-- SOURCE MATERIAL follows --
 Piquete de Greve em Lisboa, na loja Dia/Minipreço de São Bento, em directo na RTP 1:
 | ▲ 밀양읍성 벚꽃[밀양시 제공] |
-- SOURCE MATERIAL concluded --
-- SOURCE MATERIAL follows --
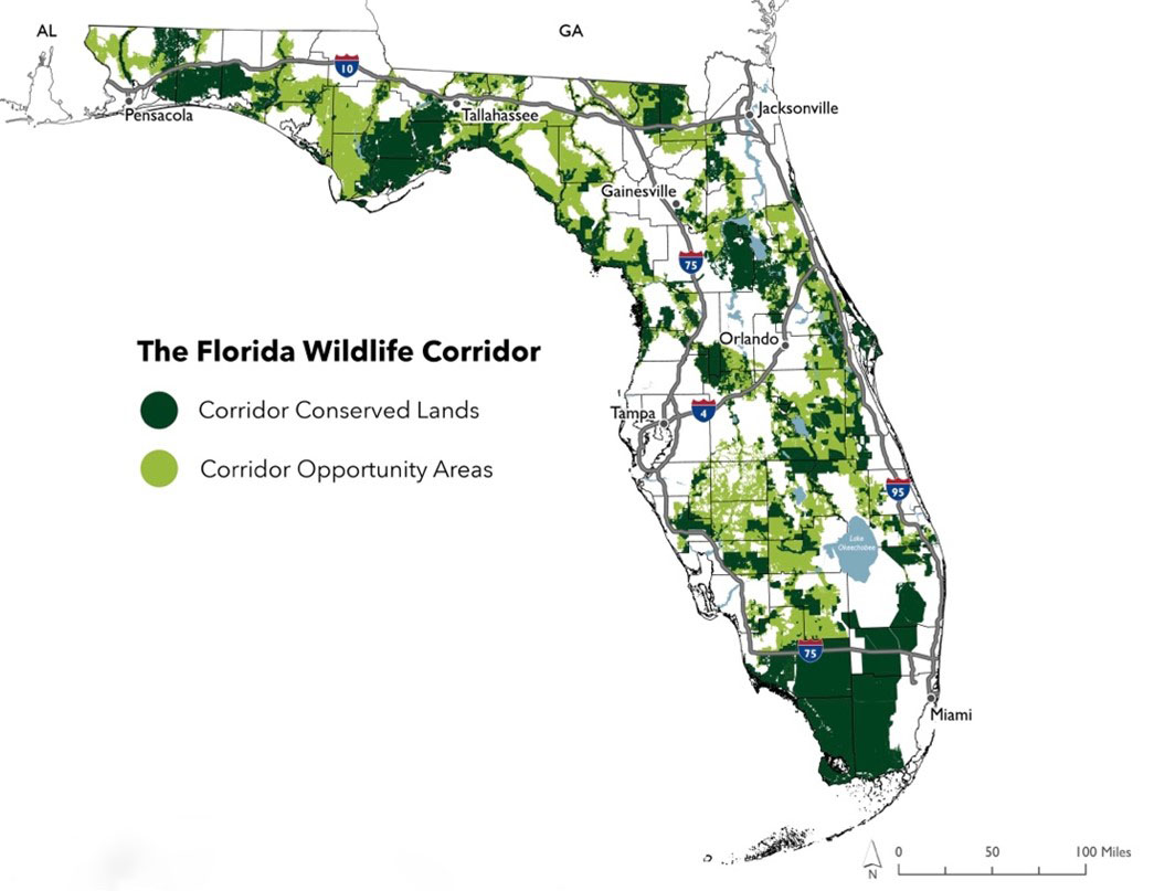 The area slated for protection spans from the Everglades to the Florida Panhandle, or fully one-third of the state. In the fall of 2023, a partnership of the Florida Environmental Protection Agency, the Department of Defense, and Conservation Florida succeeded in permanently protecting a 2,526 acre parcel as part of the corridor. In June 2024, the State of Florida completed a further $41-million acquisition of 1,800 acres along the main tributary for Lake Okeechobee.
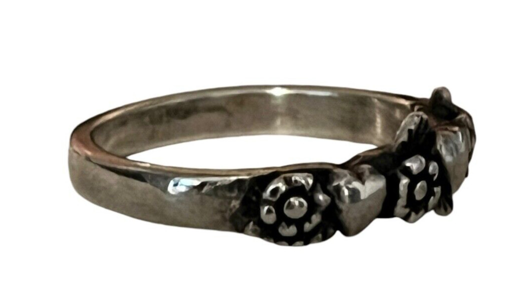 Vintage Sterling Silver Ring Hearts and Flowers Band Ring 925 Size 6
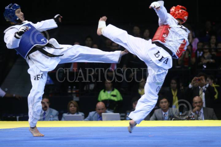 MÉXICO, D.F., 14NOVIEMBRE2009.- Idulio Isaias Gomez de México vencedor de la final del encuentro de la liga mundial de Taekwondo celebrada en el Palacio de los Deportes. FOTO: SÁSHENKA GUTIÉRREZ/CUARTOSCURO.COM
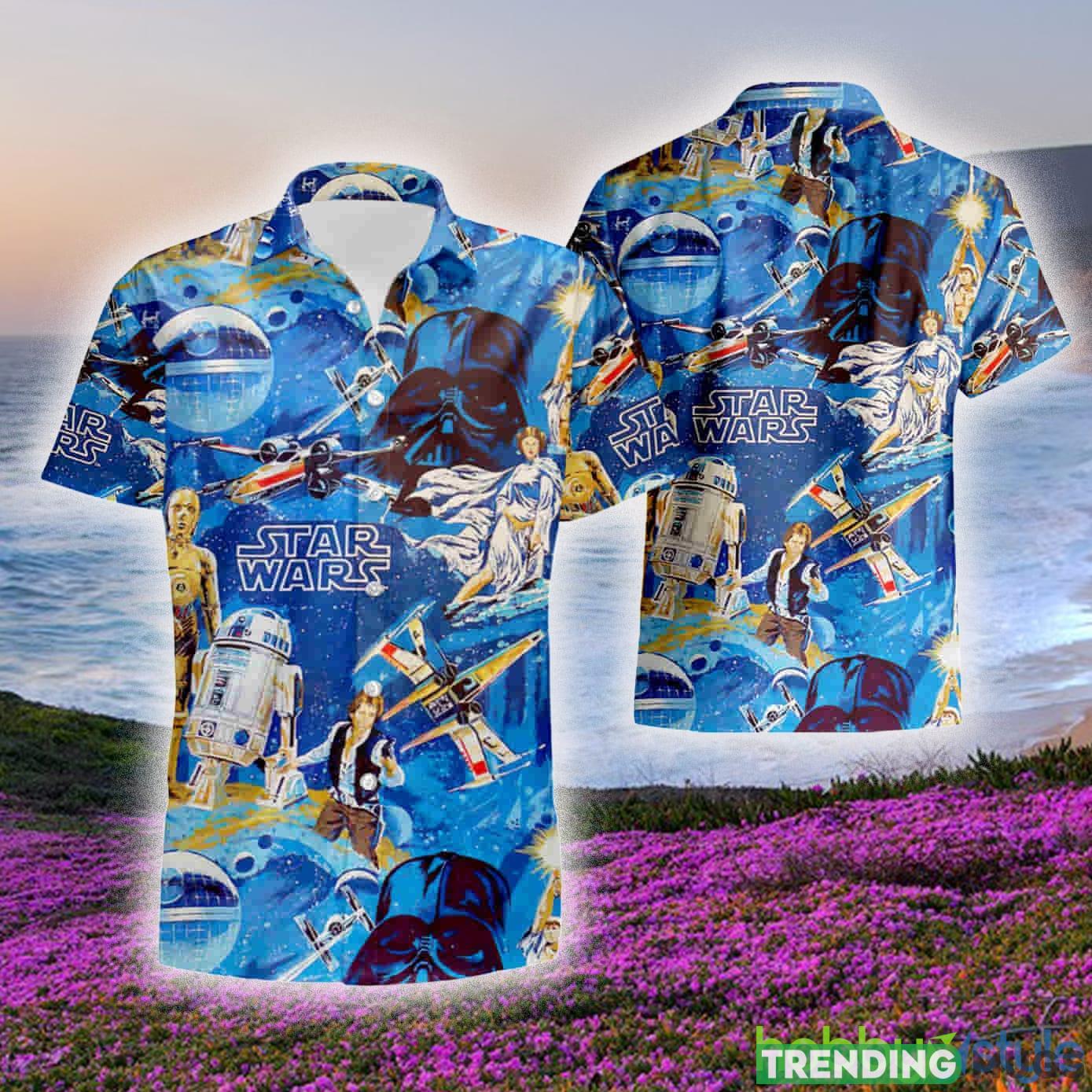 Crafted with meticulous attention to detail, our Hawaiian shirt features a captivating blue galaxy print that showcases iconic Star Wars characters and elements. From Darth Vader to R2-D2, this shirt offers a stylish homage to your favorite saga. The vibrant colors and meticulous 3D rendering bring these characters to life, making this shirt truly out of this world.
-- SOURCE MATERIAL concluded --
# PROBLEM TO SOLVE
Out of the listing above, reproduce exactly the lines from the one with "Piquete de Greve" up to and including the one with "벚꽃[밀양시 제공] |".

# WORKED SOLUTION
 Piquete de Greve em Lisboa, na loja Dia/Minipreço de São Bento, em directo na RTP 1:
 | ▲ 밀양읍성 벚꽃[밀양시 제공] |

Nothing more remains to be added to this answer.